НАВИГАЦИЯ
`

Письма к Сергею Николаевичу Тройницкому

Краткая справка о Сергее Тройницком

Сергей Николаевич Тройницкий (1882—1946?) — известный геральдист и искусствовед, один из основателей журнала «Старые годы».

10 февраля 1926 г.

Дорогой Сергей Николаевич,

Как видите, я еще жив: scribo ergo sum. [Пишу, следовательно, существую (лат.).] Но я молчал так долго по двум причинам: мне было отчасти конфузно за свое здешнее застревание, а кроме того все казалось, что мы вот-вот и тронемся в обратный путь. Это ощущение не покинуло нас и сейчас, хотя отсрочка моего спектакля заставила нас застрять по крайней мере еще до пасхи. Нарушаю же я ныне свое молчание по просьбе милой и очень несчастной Марии Петровны Паринсовой, которая мечтает попасть к нам в Эрмитаж... От кого-то из наших коллег она услыхала, что в гравёрном отделении предстоит огромная инвентарная работа, для чего нужны лишние головы и руки. Тем и другим она обладает в полной мере, и я могу Вам ее рекомендовать с наилучшей стороны. Кроме того, это человек живой, расторопный, и я уверен, что она могла бы принести делу пользу. Испробуйте ее! Мне Вы этим окажете большое одолжение, ибо меня огорчает судьба этой милой женщины, которую я знаю чуть ли не с (ее) детства и которая всегда пользовалась моей симпатией. Не откажите!

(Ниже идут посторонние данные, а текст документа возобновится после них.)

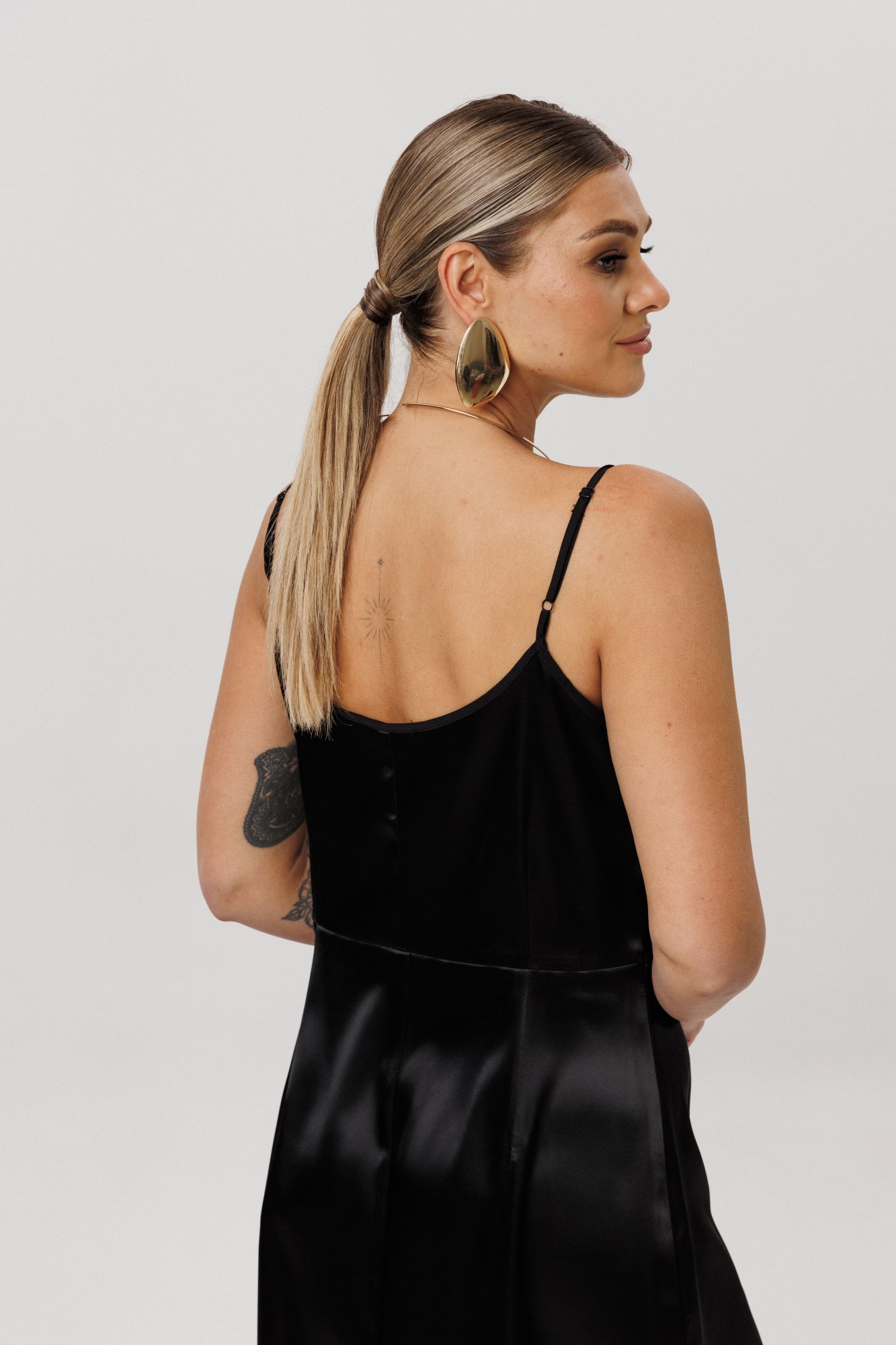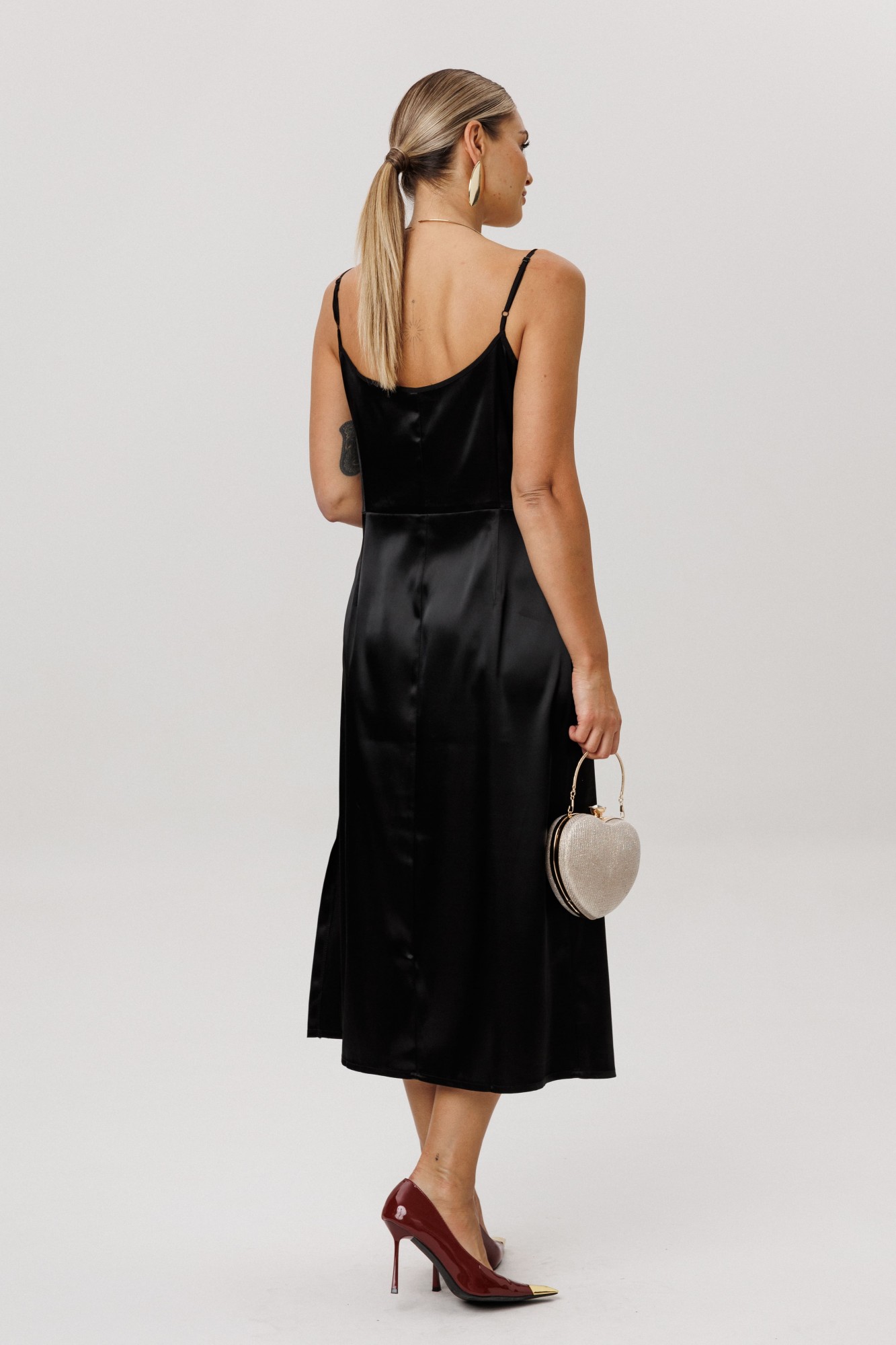 Платье актуальной во все времена длины миди с игривым разрезом изящно струится во время движения, приковывая взгляды. В правом боковом шве спрятана потайная молния. Вырез платья-качели нежно ниспадает, подчеркивая декольте и делая образ соблазнительным.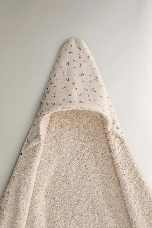 HOODED BABY BATH TOWEL WITH FLORAL PIPING AND HOOD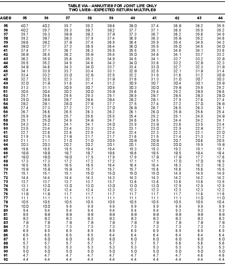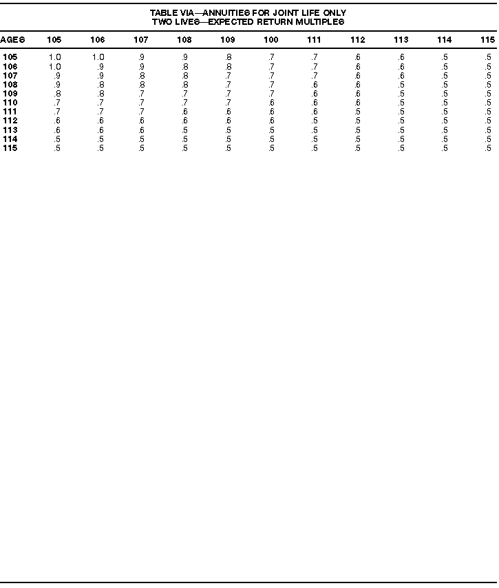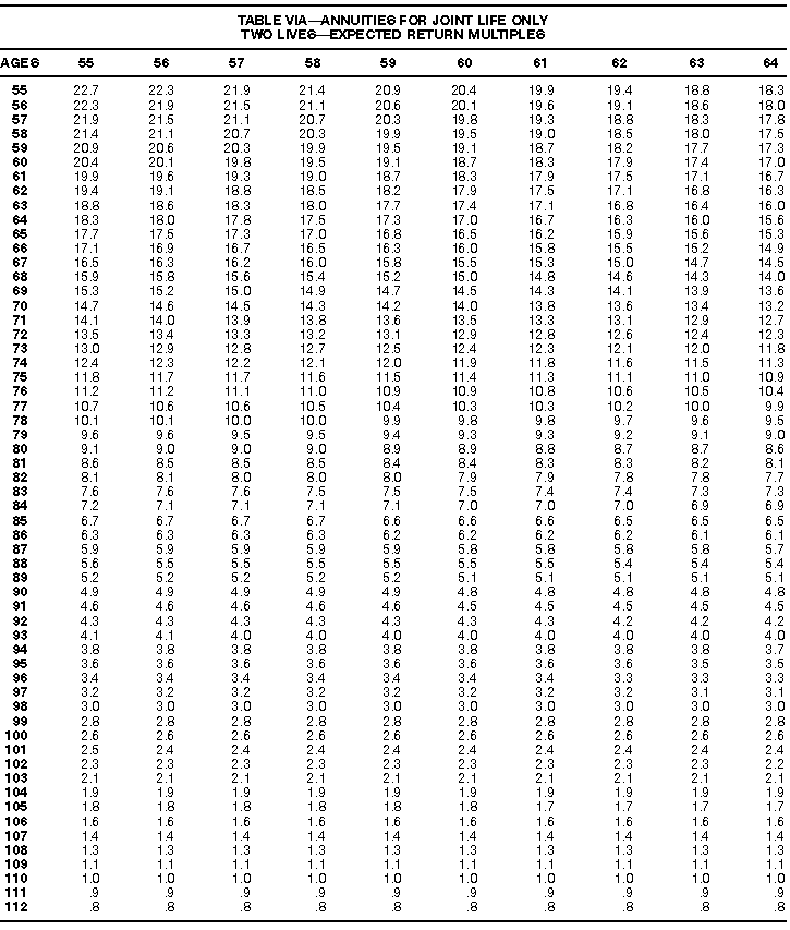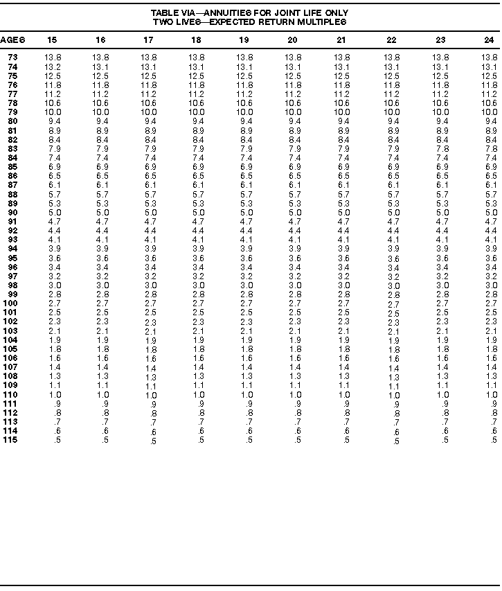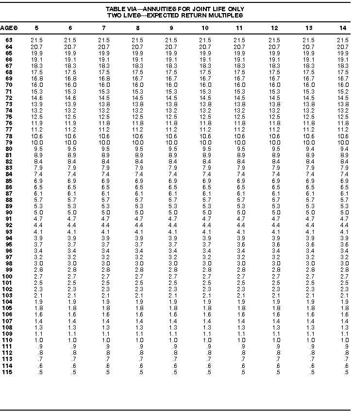Table VIa. Annuities for Joint Life Only - Two Lives - Expected REturn Multiples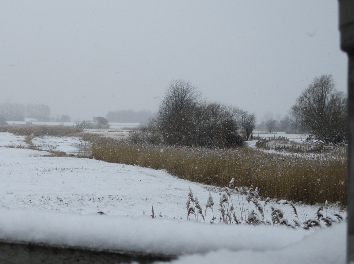 Blick Richtung Elbdeich – wer sich auskennt, sieht folgend auf`s Reet die teilgefrorene Wedeler Au bei Tideniedrigwasser.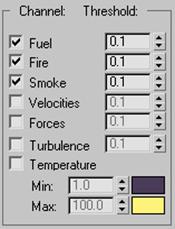 threshold scale - Este valor actúa como un multiplicador de los valores de umbral (threshold) individuales de cada canal. Para cada canal, el correspondiente controlador spinner, para el umbral (threshold) establece el valor mínimo que será mostrado en pantalla, en las unidades de FumeFX (humo, fuego y combustible), o unidades del mundo (velocidades y fuerzas).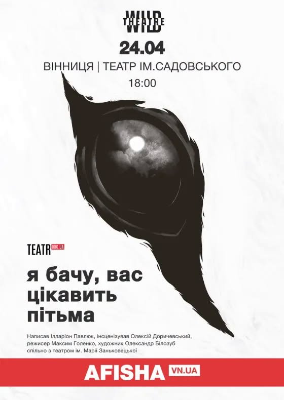Театральна афіша тижня також насичена прем’єрами. 24 квітня на сцені Вінницького академічного музично-драматичного театру ім. Миколи Садовського «Дикий театр» у співпраці з Національним театром ім. Марії Заньковецької представить виставу «Я бачу, вас цікавить пітьма» за романом Ілларіона Павлюка. Психологічний трилер розповідає історію кримінального психолога, який розслідує зникнення дитини у віддаленому селищі, де панують страх і байдужість.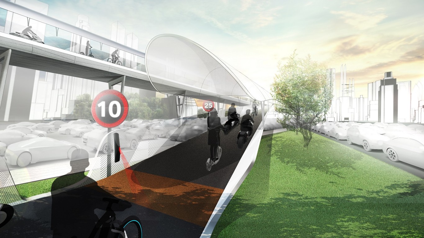 "La carretera elevada está cubierta en gran parte, lo que garantiza la protección contra la lluvia y el calor, así como una ventilación suficiente. Un sistema de enfriamiento con agua de lluvia purificada crea temperaturas agradables: también se puede usar para limpiar la superficie de la carretera durante la noche".
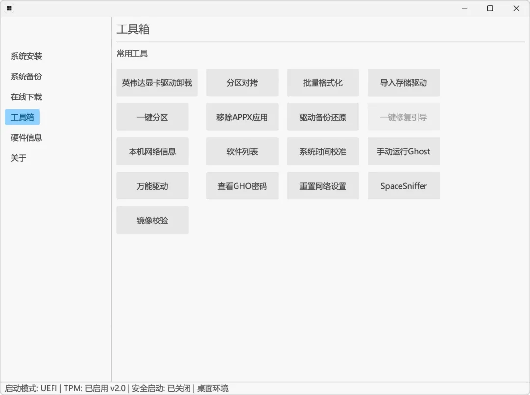 工具箱里,则涵盖了各种实用功能,比如:显卡驱动卸载、批量格式化、导入驱动、一键分区、驱动备份还原、网络设置还原等: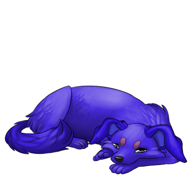 Ultramarine Blue #3312da runs up to you frantically, aggressively pushing his nose against your hand to try and get your attention. You get the strong impression he wants something.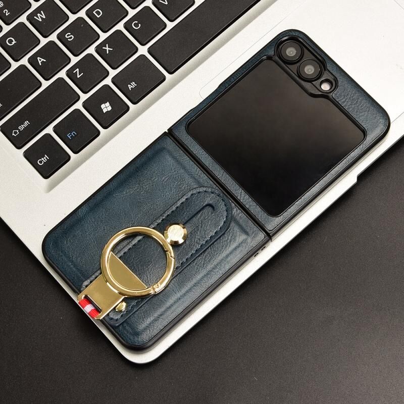 Για Samsung Galaxy Z Flip6 Wristband δέρμα πίσω θήκη τηλεφώνου (μπλε)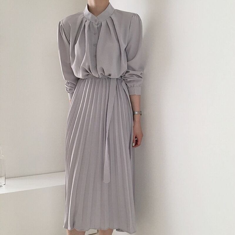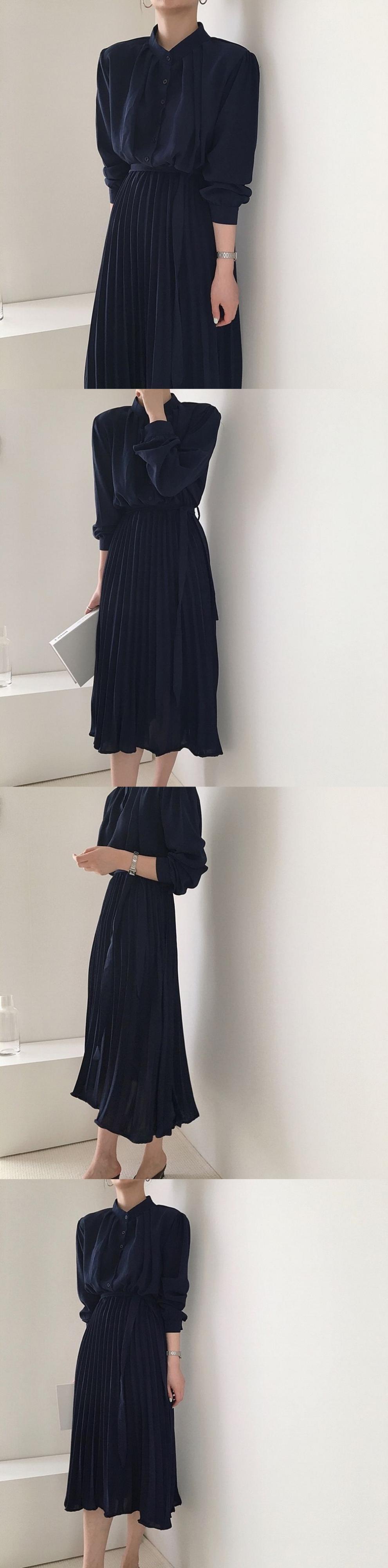 スカート ウェストカラーロングドレス プリーツ 韓国婦人36829579789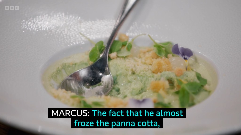 it was not a very successful episode for desserts with Giuseppe making a Basil Panna Cotta in the most chaotic manner he could think of and setting the blast chiller to Antarctic summer temperatures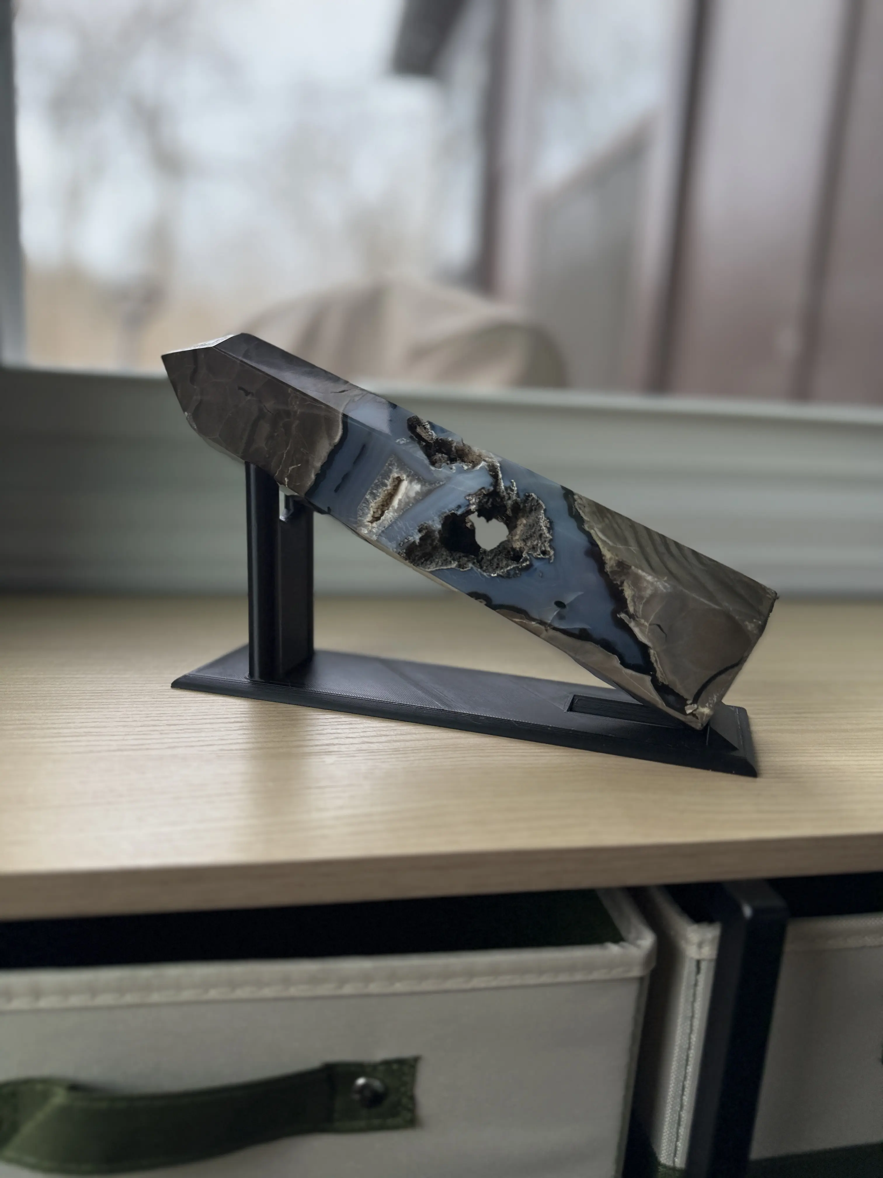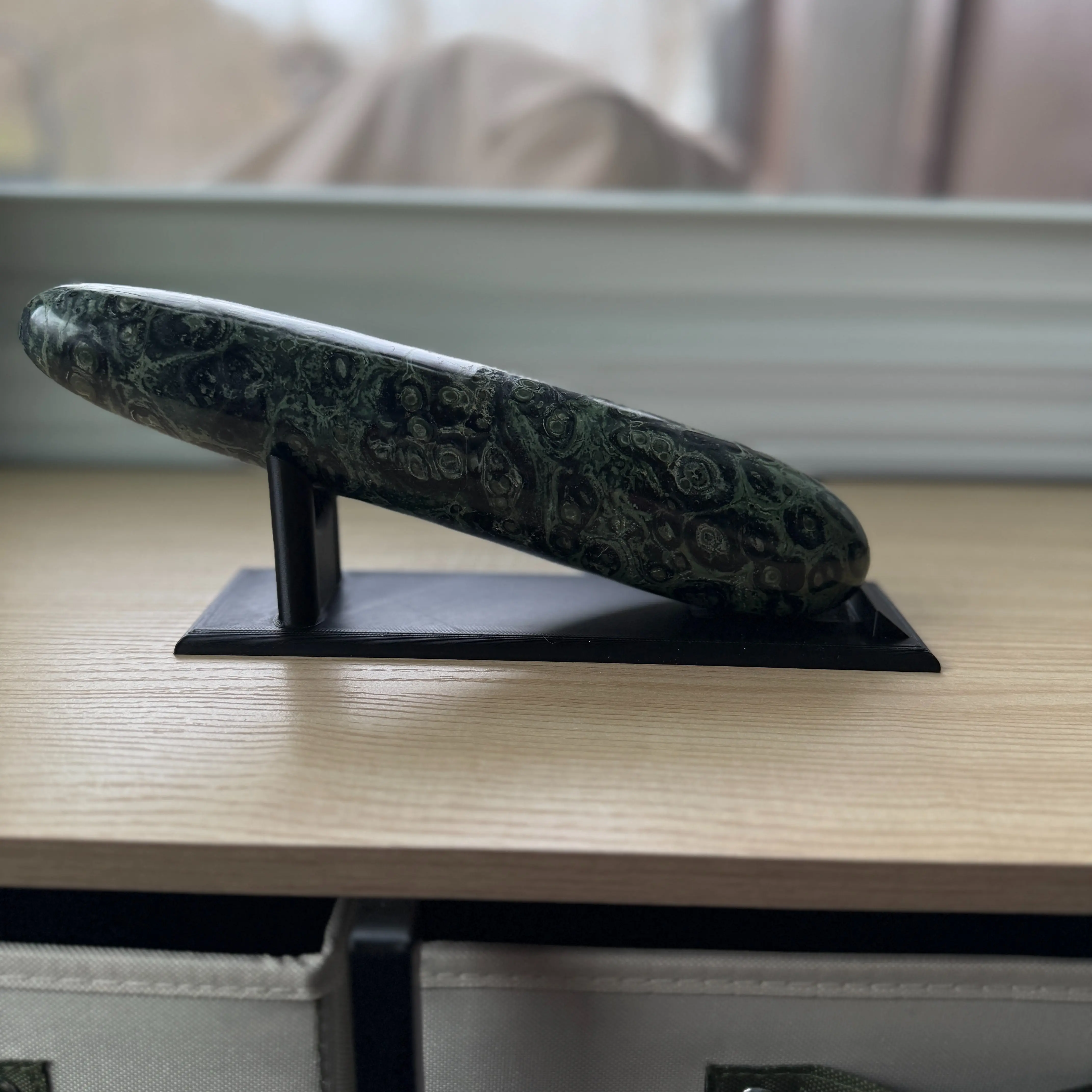 This 3d Printed stand allows for easier display of your longer and larger mineral and crystal towers.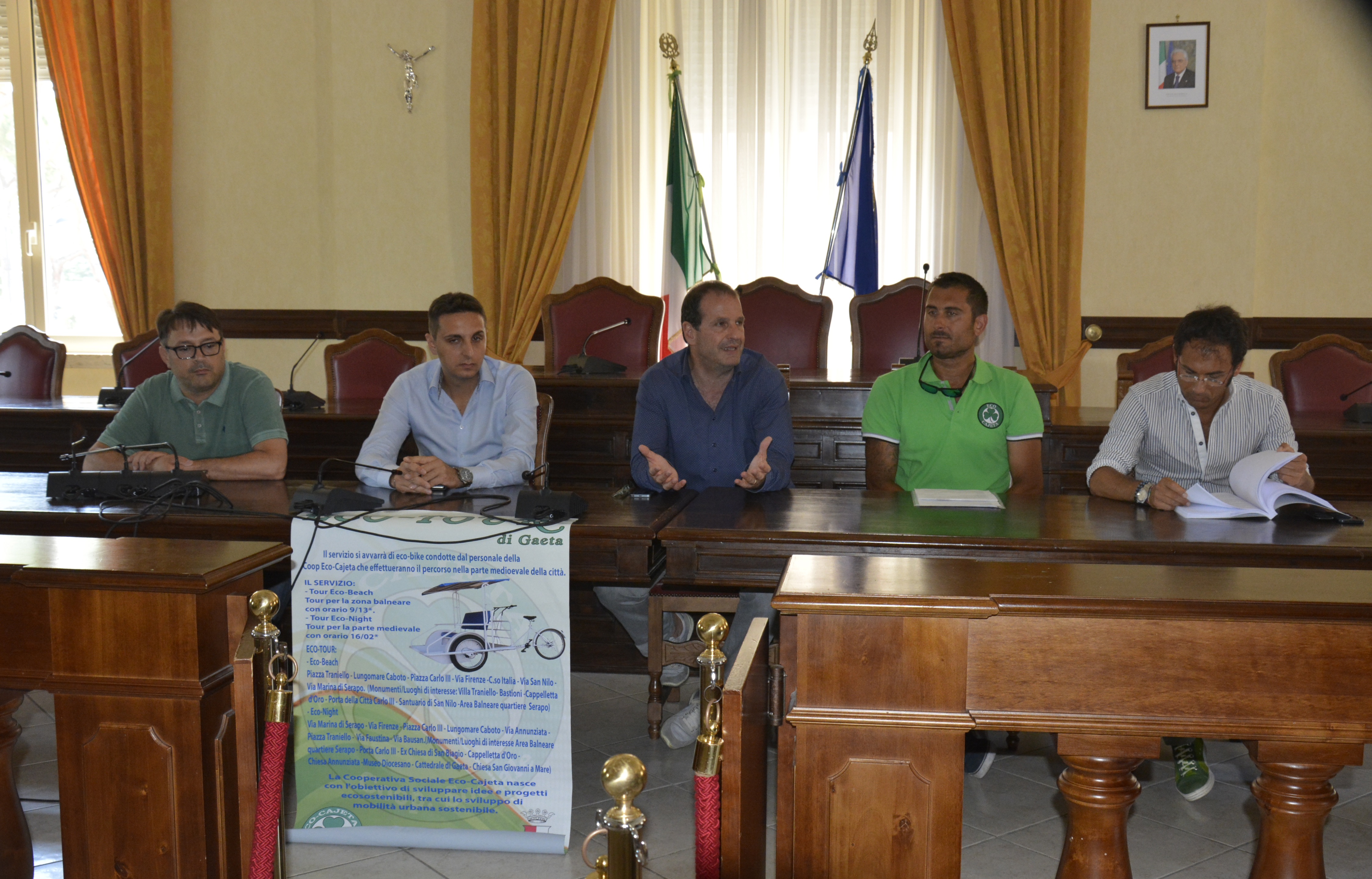 Un nuovo passo verso la mobilità sostenibile nel Comune di Gaeta. Questa mattina, presso l’Aula Consiliare del Palazzo Comunale, è stata presentata una nuova e brillante iniziativa patrocinata dal Comune di Gaeta, promossa dal collaboratore del Sindaco delegato alla Sicurezza del Comune di Gaeta, Raffaele Di Tucci, e realizzata dalla Cooperativa Sociale Eco Cajeta: “Gaeta Eco Tour”, un progetto che coniuga mobilità urbana sostenibile e turismo.

Впрочем, раз я уже нарушил свой мютизм [Немота (франц. mutisme).], то и продолжаю о собственных делах. Но что сказать нового на эту тему? Пришлось бы повторить все то, о чем я Вам говорил в августе и о чем писал. Никаких перемен не намечается. Дорогой друг, Вы не удосужились мне ответить на мое пространное письмо, и я вполне это понимаю. А между тем мне было бы весьма полезно получить с берегов Невы и особенно от Вас более определенную Aufenunterzug. Правда, живется мне здесь недурно и мои дела идут так, как я желаю, чтоб они шли. Но вce же по своему внутреннему смыслу это есть сидение на жердочке и, в конце концов, такое сидение становится деморализующим. Ich bedarf eines Aufenunterzug und einen freundliches Ermahnung [Я нуждаюсь в приглашении и дружеском призыве (нем.).] . (немецкие слова лезут под перо, ибо я сейчас занят Гёте)

Париж.

12 марта 1926 г.

Предыдущие строки были написаны месяц назад, и я все откладывал их посылание, т. к. чувствовал, что мне необходимо Вам написать другое в тоне, более соответствующем моему душевному состоянию. Да и на сей раз я посылаю это письмо только из-за того, что я там говорю о достойной всякого участия Марии Петровне. Кстати, исчерпывающие сведения о ней может вам дать Марк Дмитриевич …[Mарк Дмитриевич Философов, ученый секретарь Эрмитажа.] Сегодня же я хочу с Вами побеседовать совершенно глазу на глаз” и вне всяких посторонних сюжетов.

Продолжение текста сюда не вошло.